Check out the 0.4.6 milestone to see new features / bugfixes in detail.

New Features

  • Shell commands using the singularity executor. You can read more about the shell commands feature here
  • Introduce an incremental bounce. An incremental bounce will kill old tasks as new tasks become healthy instead of witing for all new tasks to be healthy before shutting down old tasks. This is especially useful when running services with many instances on a lean cluster. The option is available in the ui when asking to bounce, or by adding a query param of incremental=true to your POST request to the /request/{requestId}/bounce endpoint.

Improvements

  • #635 - Truncate beginning of S3 log filenames
  • #690 - improve ui uncaught error message
  • #705 - allow for custom switch user commands in SingularityExecutor
  • #694 - Remove paused requests from LB
  • #708 - Show extra cmd line arguments and allow rerunning of tasks
  • #713 - Give meaningful titles to all pages
  • #719 - Add logs section with link to latest
  • #721 - Task alerts
  • #729 - Optionally take start and end time query params for S3 log search
  • #730 - Change checkpoint default to true
  • #732 - Star requests from the request detail page
  • #734 - Change allocated cpu units to floats in the json object
  • #739 - Add request and task links to breadcrumbs on tail view
  • #745 - Only update links instead of rerendering the whole page
  • #748 - Auto-exit s3uploader and s3downloader if no S3 credentials are set
  • #749 - Custom time formats
  • #751 - Use dropwizard-guicier 0.7.1.2
  • #756 - Add support for read-only user groups
  • #759 - Email tweaks
  • #766 - Deny a bounce if there aren't enough resources to complete it
  • #771 - Expose run-task method in client
  • #772 - Bake user query params in to authentication system
  • #775 - If inside a HTTP request, include URL in sentry error
  • #783 - Tweaks to make grepping a file easier
  • #784 - Set a default for s3UploaderKeyPattern
  • #785 - Allow default value for readOnlyGroups
  • #786 - Add support for default healthcheckMaxRetries and healthcheckMaxTotalTimeoutSeconds values in SingularityConfiguration
  • #789 - Surface info about bounces in request detail page
  • #790 - Better executor logging
  • #792 - Skip building web UI via skipSingularityWebUI property
  • #794 - Show paused requests in dashboard view
  • #795 - Add option to also bounce when scaling
  • #796 - Make files table in task view sortable
  • #802 - Expose killed task records
  • #803 - Watch reset and check active tasks manually
  • #809 - Add link to finished service.log to failed healthcheck notification

Bug Fixes

  • #682 - Configuring the Network field should not be predicated on having port mappings configured
  • #717 - Fix thread checker, case where docker container has already stopped
  • #722 - Fix tooltip positioning on edit request page
  • #735 - Make sure tasks are in ZK
  • #743 - Thread pool of 1 if prefixes is 0, avoid IllegalArgument
  • #761 - Fix NPE when check for exception cause
  • #763 - Don't throw thread check exceptions if task was already asked to stop
  • #780 - Stop tailing if scroll to top is clicked
  • #791 - Fix search input
  • #804 - Add tasks from /killed to decom badges
  • #808 - Fixes + tweaks to DECOM badge

Config Changes

  • #750 - Remove old property-style runnable config code. The .properties configuration format for Singularity slave helpers:

    • SingularityExecutor
    • SingularityExecutorCleanup
    • SingularityS3Downloader
    • SingularityS3Uploader
    • SingularityOOMKiller
    • SingularityLogWatcher

    If you use any of these, please convert your configuration to the .yaml style.


Changes in 0.4.5

Check out the 0.4.5 milestone to see new features / bugfixes in detail.

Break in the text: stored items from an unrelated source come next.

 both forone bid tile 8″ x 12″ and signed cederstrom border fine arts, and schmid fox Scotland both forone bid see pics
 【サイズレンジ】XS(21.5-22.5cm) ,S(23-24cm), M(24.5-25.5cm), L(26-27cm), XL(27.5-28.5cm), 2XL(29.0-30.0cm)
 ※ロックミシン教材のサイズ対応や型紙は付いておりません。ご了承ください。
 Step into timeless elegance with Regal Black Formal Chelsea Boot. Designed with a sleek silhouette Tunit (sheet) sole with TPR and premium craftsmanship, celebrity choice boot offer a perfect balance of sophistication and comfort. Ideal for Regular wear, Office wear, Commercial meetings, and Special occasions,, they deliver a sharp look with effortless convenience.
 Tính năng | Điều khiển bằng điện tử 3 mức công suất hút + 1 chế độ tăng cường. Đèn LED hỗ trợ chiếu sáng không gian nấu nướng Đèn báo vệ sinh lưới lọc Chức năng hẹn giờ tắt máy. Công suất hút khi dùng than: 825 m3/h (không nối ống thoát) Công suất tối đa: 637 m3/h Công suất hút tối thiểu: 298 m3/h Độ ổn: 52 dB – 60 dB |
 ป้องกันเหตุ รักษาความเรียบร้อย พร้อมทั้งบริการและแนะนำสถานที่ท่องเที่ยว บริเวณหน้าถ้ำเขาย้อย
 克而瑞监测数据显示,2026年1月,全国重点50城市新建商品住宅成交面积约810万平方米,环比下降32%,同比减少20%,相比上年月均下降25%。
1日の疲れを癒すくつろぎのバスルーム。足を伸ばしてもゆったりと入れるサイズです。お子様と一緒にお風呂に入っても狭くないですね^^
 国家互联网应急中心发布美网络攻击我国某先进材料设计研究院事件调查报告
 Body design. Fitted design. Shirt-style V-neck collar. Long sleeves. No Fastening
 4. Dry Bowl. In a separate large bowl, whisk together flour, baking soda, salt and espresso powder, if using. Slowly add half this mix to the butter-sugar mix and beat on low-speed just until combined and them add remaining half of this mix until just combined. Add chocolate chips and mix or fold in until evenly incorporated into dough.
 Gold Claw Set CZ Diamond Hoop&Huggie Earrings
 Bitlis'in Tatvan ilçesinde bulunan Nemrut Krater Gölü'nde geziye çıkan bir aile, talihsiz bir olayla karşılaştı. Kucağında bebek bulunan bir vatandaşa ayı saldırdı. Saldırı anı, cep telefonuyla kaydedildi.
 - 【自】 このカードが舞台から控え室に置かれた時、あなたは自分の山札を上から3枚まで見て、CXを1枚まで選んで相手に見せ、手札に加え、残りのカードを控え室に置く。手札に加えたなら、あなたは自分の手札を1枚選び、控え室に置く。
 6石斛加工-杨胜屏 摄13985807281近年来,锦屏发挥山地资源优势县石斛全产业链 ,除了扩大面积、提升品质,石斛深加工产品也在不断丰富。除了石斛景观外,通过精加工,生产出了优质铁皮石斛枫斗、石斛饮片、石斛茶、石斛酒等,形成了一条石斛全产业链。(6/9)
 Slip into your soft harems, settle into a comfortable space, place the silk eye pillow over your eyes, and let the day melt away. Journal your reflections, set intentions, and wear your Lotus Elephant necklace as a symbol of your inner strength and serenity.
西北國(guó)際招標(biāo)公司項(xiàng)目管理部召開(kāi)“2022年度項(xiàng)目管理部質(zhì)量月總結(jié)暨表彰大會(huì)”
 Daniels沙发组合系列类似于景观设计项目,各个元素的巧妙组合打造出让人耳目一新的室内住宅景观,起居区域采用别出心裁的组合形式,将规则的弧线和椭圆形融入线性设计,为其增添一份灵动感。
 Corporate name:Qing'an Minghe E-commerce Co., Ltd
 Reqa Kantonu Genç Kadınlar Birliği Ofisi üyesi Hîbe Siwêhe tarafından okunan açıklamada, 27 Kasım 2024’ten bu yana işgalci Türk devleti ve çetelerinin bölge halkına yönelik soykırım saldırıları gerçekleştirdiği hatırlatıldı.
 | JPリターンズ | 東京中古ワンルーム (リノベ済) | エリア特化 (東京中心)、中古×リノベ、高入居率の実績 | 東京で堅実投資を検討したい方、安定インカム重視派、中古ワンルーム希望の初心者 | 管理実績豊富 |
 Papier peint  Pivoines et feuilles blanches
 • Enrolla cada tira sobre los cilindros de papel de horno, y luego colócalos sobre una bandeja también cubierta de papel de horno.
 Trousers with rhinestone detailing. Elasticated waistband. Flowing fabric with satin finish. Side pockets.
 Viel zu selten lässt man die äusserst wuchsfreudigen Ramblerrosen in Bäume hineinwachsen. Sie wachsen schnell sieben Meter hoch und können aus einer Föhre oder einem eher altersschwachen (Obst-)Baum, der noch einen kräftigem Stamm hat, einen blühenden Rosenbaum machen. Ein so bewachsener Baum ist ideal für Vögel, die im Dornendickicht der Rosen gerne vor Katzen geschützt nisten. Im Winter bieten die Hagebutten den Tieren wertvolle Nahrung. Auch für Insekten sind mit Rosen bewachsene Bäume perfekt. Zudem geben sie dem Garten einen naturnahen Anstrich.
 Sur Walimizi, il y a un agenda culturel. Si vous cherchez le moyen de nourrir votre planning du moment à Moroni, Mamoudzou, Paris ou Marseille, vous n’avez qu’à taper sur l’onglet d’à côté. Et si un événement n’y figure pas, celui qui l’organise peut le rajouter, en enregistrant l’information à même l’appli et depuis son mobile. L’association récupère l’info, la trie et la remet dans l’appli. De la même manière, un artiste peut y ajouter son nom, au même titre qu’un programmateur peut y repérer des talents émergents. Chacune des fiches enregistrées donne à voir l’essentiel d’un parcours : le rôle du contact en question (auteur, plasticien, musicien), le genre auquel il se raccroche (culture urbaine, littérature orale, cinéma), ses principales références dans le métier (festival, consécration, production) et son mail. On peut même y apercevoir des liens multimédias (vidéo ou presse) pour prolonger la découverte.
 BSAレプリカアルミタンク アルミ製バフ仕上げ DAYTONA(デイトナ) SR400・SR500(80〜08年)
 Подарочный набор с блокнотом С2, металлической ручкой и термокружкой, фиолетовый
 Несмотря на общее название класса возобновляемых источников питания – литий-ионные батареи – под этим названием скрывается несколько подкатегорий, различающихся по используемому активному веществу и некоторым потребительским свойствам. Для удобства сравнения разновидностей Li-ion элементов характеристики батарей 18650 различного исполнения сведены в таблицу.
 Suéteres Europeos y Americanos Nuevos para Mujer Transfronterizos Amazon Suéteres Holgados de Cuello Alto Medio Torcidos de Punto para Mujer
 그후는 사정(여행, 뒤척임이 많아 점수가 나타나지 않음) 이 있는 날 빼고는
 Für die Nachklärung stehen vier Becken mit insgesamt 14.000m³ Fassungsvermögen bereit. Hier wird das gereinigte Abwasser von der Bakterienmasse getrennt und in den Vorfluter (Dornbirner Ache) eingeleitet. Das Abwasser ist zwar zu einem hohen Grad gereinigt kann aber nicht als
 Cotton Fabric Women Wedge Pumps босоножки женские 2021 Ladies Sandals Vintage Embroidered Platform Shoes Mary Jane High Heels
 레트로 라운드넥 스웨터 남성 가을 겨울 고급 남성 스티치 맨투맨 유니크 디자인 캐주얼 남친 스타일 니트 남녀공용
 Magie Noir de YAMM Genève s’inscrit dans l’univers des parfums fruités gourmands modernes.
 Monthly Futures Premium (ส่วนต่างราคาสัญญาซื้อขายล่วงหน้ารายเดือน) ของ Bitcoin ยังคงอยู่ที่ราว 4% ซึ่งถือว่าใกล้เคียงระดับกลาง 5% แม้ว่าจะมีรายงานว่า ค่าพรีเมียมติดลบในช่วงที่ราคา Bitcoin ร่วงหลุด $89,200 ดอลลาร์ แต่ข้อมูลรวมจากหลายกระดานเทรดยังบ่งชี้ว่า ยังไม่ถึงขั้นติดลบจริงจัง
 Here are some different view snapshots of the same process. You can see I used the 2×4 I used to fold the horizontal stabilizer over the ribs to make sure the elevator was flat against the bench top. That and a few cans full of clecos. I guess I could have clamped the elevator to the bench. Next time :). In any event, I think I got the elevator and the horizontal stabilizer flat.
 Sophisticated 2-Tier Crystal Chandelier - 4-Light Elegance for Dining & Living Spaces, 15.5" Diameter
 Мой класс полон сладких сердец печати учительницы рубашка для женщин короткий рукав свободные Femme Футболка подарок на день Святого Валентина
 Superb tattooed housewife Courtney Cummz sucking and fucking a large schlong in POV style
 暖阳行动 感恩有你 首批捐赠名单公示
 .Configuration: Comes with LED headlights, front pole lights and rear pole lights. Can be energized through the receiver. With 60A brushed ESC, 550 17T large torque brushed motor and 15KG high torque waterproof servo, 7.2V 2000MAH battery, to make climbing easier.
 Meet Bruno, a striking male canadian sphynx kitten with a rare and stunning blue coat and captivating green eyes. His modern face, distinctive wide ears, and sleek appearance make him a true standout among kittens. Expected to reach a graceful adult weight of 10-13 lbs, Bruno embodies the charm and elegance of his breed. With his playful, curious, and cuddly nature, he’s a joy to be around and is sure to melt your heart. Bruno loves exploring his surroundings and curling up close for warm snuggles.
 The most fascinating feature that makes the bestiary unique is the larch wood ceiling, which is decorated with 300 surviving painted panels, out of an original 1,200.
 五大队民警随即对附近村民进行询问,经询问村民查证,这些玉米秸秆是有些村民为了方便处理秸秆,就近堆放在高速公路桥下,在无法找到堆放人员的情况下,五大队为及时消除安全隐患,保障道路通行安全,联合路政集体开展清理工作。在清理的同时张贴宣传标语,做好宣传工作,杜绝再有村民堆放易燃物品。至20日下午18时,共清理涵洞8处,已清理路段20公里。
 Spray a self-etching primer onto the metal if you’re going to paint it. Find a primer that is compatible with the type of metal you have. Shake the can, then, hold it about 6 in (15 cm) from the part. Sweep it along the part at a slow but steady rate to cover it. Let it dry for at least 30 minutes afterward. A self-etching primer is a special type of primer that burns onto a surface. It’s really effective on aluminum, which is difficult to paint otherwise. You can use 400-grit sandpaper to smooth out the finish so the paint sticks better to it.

  • Singularity 0.4.5 bumps its Mesos dependency from 0.21.0 to 0.23.0. #657
  • If upgrading from a version prior to 0.4.4, you will need to run database migrations. Refer to the database docs for how to run migrations before starting the new version of Singularity.

Deprecated

  • The .properties configuration format for Singularity slave helpers:

    • SingularityExecutor
    • SingularityExecutorCleanup
    • SingularityS3Downloader
    • SingularityS3Uploader
    • SingularityOOMKiller
    • SingularityLogWatcher

    If you use any of these, please convert your configuration to the .yaml style.

    .properties support will be removed completely in 0.4.6.